REQUIREMENT:
Go through the listing below and report how many lines contain the word "with"; write no other words.

PROVIDED MATERIAL:
»»

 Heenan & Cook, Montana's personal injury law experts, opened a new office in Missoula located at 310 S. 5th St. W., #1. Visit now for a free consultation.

««
»»

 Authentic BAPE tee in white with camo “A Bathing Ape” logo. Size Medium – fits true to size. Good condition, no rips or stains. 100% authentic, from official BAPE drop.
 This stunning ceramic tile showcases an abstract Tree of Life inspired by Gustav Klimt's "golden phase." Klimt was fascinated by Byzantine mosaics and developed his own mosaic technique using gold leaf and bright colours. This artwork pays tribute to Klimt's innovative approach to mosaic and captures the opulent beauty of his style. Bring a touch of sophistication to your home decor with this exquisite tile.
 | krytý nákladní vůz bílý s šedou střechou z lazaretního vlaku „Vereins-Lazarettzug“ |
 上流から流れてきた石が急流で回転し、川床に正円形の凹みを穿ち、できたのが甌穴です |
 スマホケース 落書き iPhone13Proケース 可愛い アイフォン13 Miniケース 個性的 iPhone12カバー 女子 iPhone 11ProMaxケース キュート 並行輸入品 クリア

««

SOLUTION TO THIS EXERCISE:
2